Pioneer looks back and ahead to cable future

Pioneer Electronics, a cable set-top box company, celebrated its historic past and previewed its future last week at the Western Show in Anaheim, Calif.

For the future, the company introduced its new Voyager 3510HD high- definition set-top box that enables cable subscribers to decode a variety of the HDTV formats.
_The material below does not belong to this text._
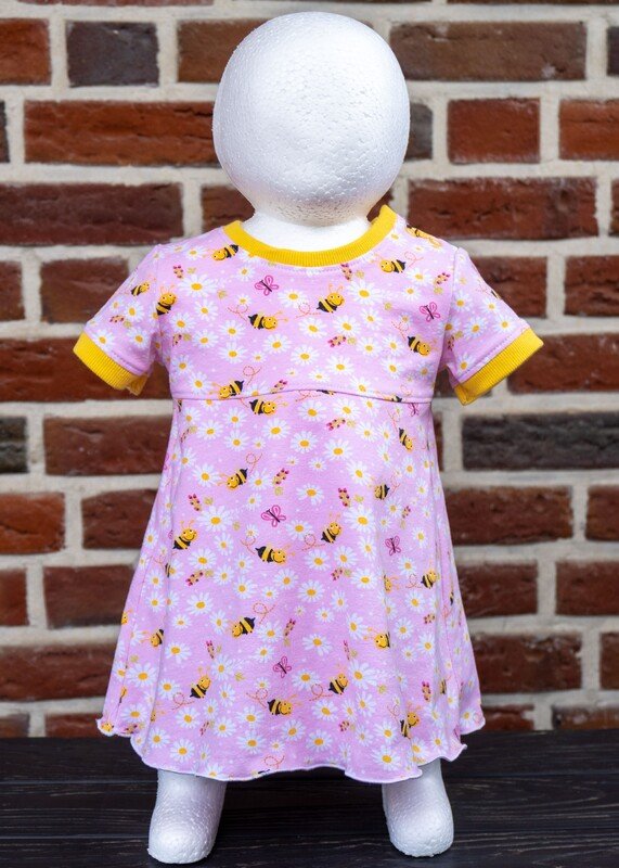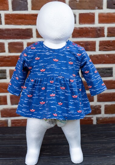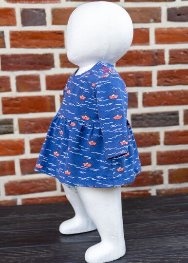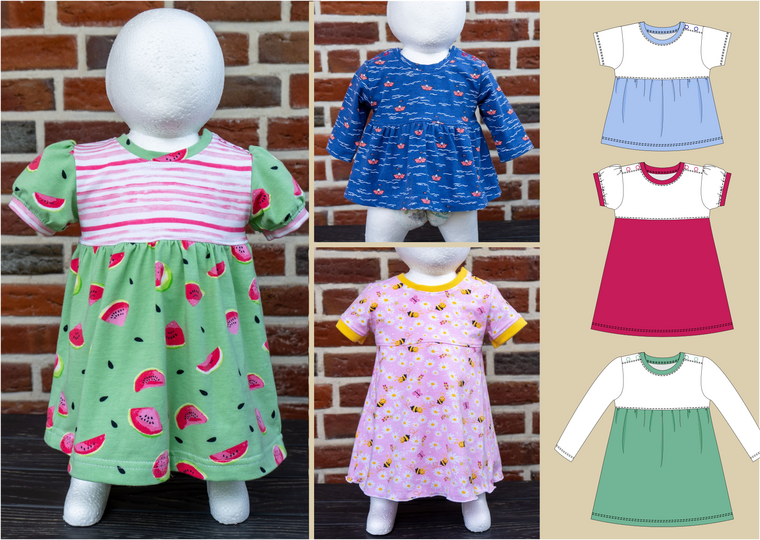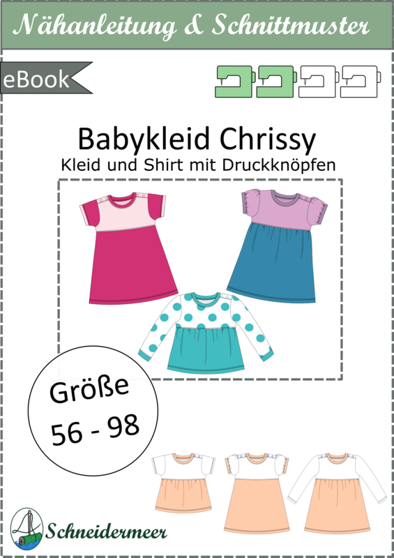 Das Modell „Chrissy“ ist ein Jerseykleid für Babys. Die Teilungsnaht des Kleides ist im Empire-Stil (erhöhte Taille) und kann wahlweise mit einem gekräuselten oder einem einfachen Rockteil genäht werden. „Chrissy“ kann sowohl als Shirt als auch als Kleid genäht werden.

Working with analog, digital, and HDTV broadcasts. the Voyager 3510HD offers aspect ratio control, graphics over HD video, DVI (HDCP) and a host of other connections, flexible memory configurations up to 32 MB of SDRAM memory and a built-in ATSC (Advanced Television Systems Committee) digital decoder.
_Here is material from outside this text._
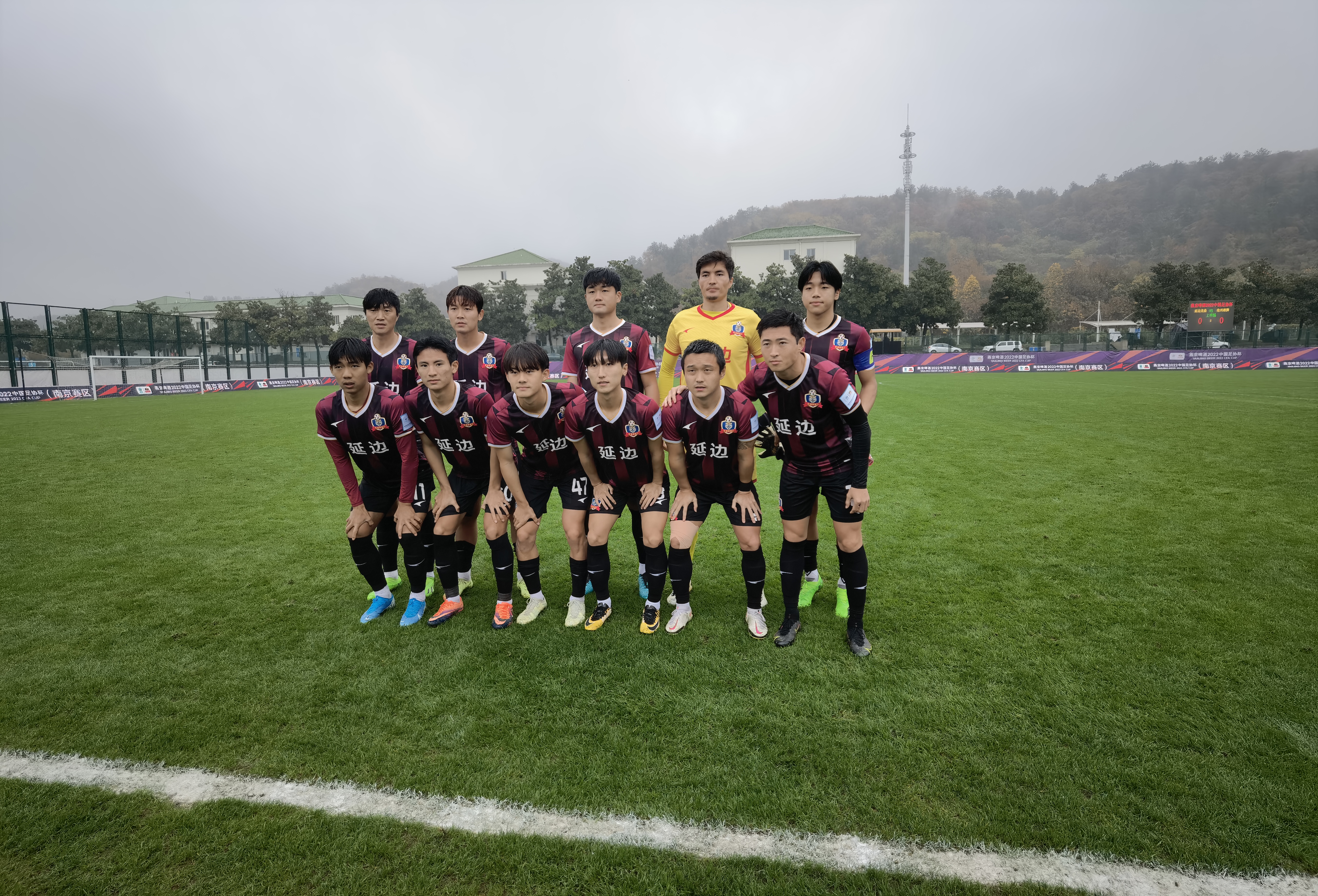 图为:延边龙鼎队在2022赛季中乙联赛的比赛前合影

The unit has video outputs that can pass native 1080i signals (1,080 lines of resolution) to a video display, or down-convert those signals based on display limitations.

Pioneer also used the cable show to celebrate the 25th anniversary of Qube, the cable industry's first deployed interactive set-top box.

More than a quarter century ago, Warner Communications commissioned Pioneer to design and build the world's first commercial interactive TV service, which opened for business on December 1, 1977 in Columbus, Ohio.

Initially operated out of a remodeled appliance store, Qube offered a then unprecedented 30 channels of television divided equally between 10 broadcast TV channels, 10 premium and pay-per-view channels and 10 channels with original interactive programming.

The idea for Qube came from Steve Ross, president of Warner Communications, who was staying at the Otani Hotel in Tokyo in 1975. He'd been impressed by the hotel's closed circuit interactive TV system, which had been built by Pioneer Electronics in Japan, so he asked Pioneer to develop a similar system for cable in the United States.

Pioneer was responsible for turning Ross' vision of interactive television into a technical reality. It became the company's entry into the cable TV business.